:: YOUR ASSIGNMENT ::
In the listing below, find the line with "Black Mirror: Waldo Moment, 3rd, 2nd season" and copy every line from there up to and including the line with "Le groupe dans", exactly and without pictures.

:: DATA RECORDS ::
---

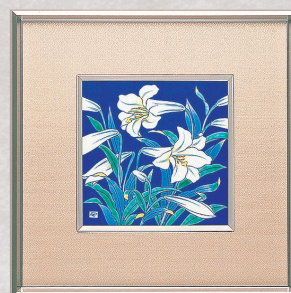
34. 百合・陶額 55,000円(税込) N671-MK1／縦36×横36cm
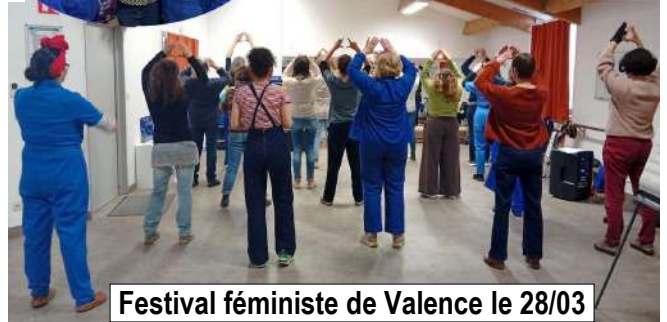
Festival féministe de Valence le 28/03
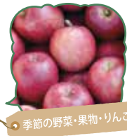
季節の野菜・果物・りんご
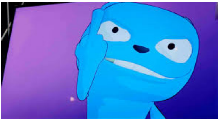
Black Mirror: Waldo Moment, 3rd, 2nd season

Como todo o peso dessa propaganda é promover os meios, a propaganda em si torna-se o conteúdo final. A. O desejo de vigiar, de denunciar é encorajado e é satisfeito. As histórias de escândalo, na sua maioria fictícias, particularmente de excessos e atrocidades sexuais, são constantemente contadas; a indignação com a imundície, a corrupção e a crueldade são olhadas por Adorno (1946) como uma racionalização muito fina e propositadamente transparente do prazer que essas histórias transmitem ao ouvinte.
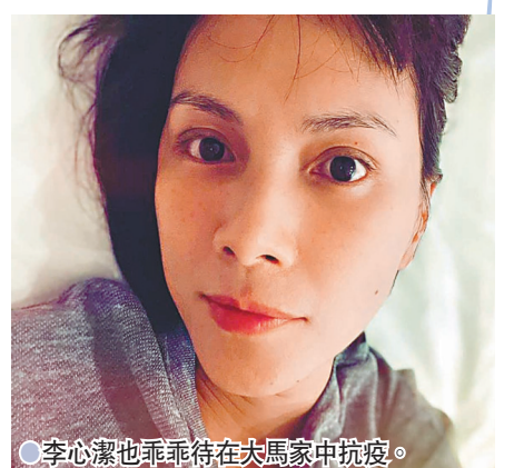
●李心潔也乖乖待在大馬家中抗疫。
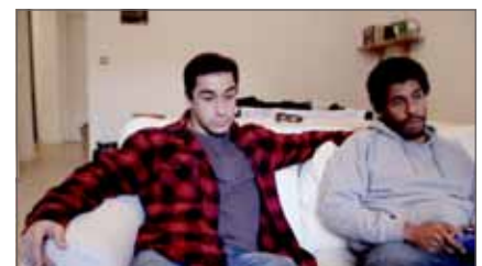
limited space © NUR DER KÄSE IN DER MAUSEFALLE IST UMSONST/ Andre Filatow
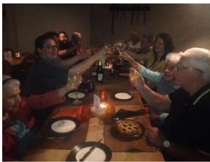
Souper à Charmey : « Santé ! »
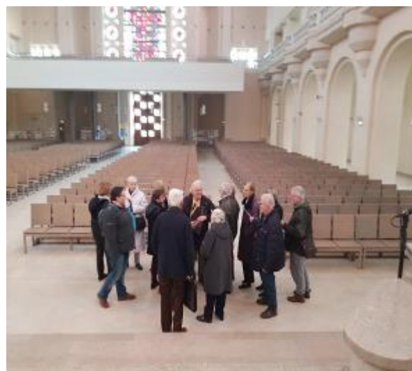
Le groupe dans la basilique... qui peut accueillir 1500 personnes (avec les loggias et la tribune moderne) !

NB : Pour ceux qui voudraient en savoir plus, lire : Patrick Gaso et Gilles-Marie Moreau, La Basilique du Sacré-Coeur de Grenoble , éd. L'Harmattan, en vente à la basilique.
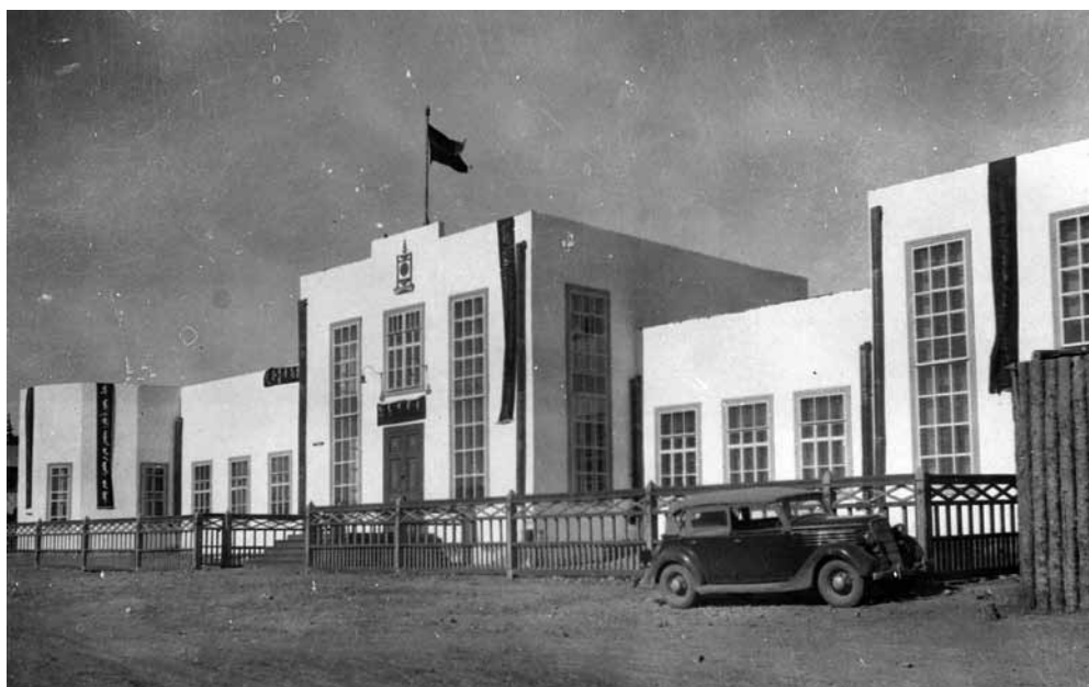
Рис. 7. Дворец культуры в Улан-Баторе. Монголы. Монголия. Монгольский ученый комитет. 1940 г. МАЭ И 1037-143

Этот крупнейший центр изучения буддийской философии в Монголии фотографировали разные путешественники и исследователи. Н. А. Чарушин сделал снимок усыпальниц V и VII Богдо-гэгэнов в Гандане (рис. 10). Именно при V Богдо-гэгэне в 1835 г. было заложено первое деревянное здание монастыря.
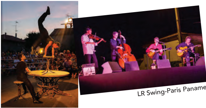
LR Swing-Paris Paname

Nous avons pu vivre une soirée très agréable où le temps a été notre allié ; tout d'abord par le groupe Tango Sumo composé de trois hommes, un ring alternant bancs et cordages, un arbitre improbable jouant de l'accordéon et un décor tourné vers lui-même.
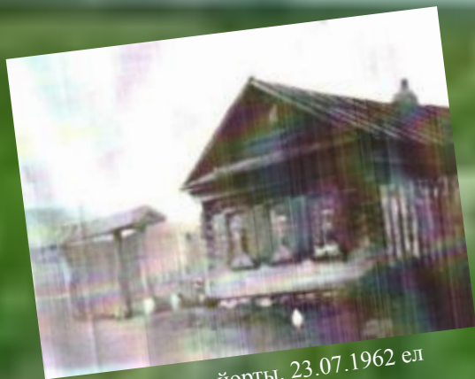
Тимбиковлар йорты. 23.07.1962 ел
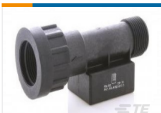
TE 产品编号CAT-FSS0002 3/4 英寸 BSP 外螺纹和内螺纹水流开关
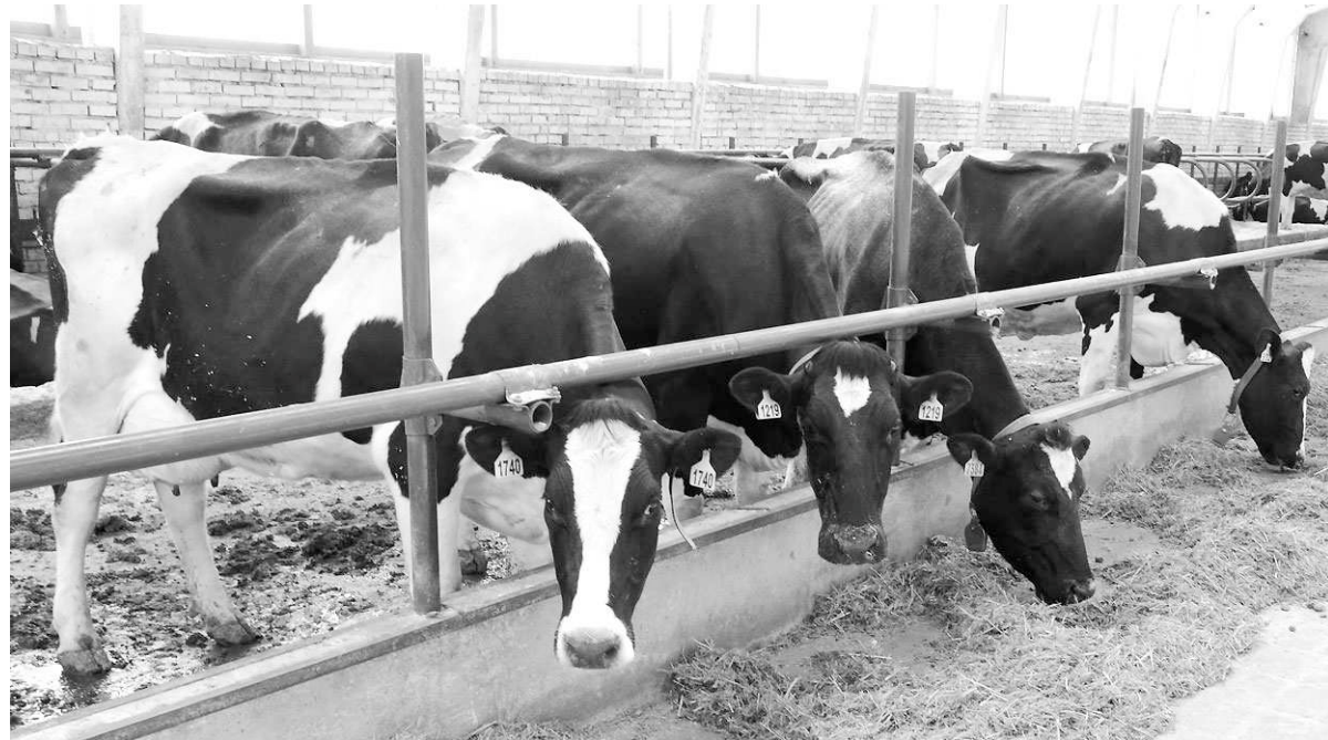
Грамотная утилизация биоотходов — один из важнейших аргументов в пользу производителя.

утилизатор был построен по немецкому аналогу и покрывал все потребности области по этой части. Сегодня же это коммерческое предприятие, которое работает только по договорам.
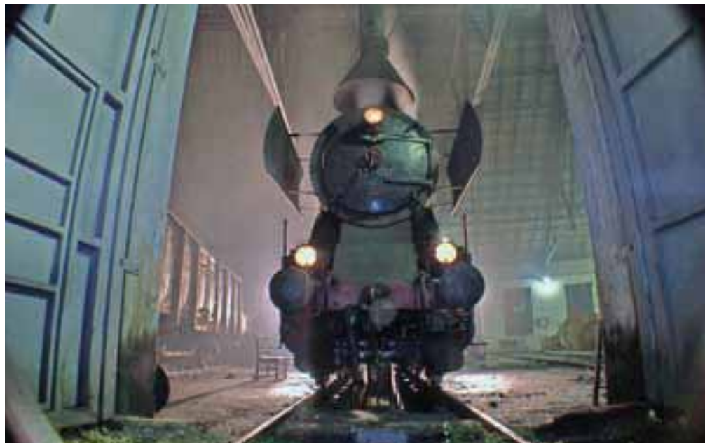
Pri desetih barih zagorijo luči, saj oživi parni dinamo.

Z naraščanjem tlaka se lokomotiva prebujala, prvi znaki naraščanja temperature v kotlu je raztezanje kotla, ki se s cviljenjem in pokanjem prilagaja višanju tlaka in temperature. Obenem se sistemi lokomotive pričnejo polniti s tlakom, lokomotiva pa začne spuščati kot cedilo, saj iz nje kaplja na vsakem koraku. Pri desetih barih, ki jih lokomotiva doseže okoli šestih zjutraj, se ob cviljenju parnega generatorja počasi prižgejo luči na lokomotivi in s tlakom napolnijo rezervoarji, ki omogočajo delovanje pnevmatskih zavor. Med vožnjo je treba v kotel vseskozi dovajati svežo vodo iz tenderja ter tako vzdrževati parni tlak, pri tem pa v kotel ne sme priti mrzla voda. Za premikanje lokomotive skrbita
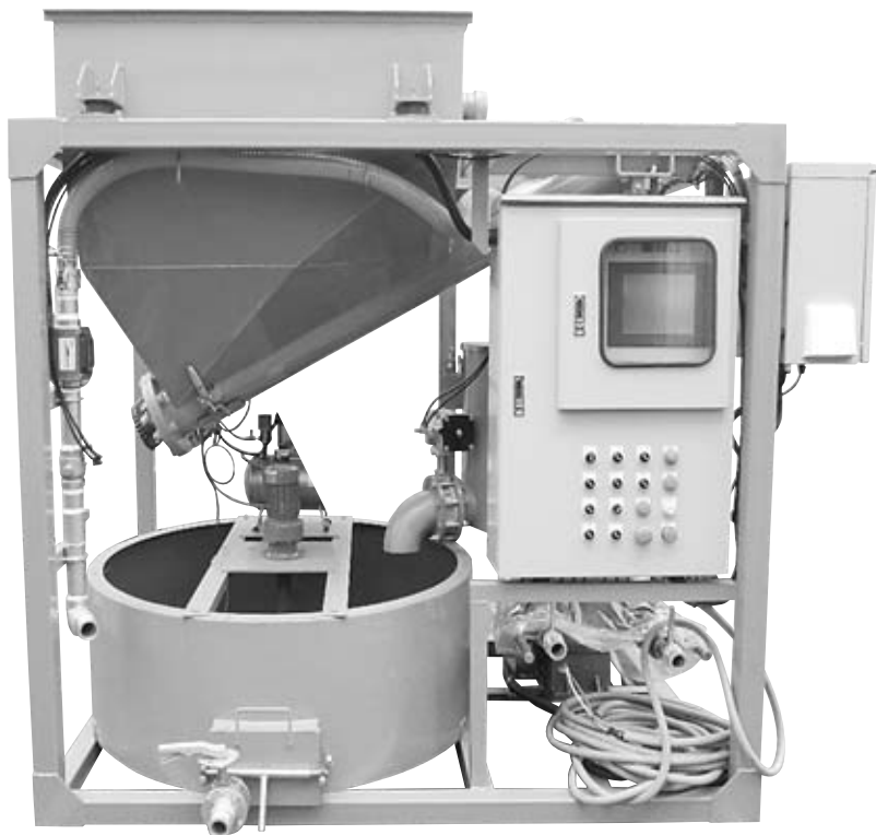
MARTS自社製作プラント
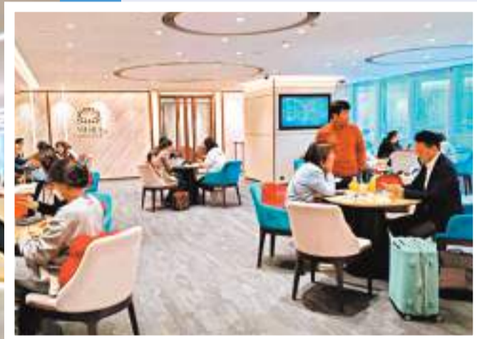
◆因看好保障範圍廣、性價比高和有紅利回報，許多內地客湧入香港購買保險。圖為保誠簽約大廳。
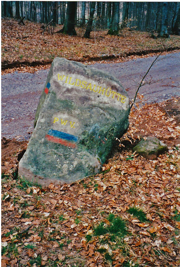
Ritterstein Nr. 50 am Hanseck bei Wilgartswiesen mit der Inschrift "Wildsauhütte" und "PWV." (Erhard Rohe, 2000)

---

:: ANSWER TO THE PROBLEM ::
Black Mirror: Waldo Moment, 3rd, 2nd season

Como todo o peso dessa propaganda é promover os meios, a propaganda em si torna-se o conteúdo final. A. O desejo de vigiar, de denunciar é encorajado e é satisfeito. As histórias de escândalo, na sua maioria fictícias, particularmente de excessos e atrocidades sexuais, são constantemente contadas; a indignação com a imundície, a corrupção e a crueldade são olhadas por Adorno (1946) como uma racionalização muito fina e propositadamente transparente do prazer que essas histórias transmitem ao ouvinte.
●李心潔也乖乖待在大馬家中抗疫。
limited space © NUR DER KÄSE IN DER MAUSEFALLE IST UMSONST/ Andre Filatow
Souper à Charmey : « Santé ! »
Le groupe dans la basilique... qui peut accueillir 1500 personnes (avec les loggias et la tribune moderne) !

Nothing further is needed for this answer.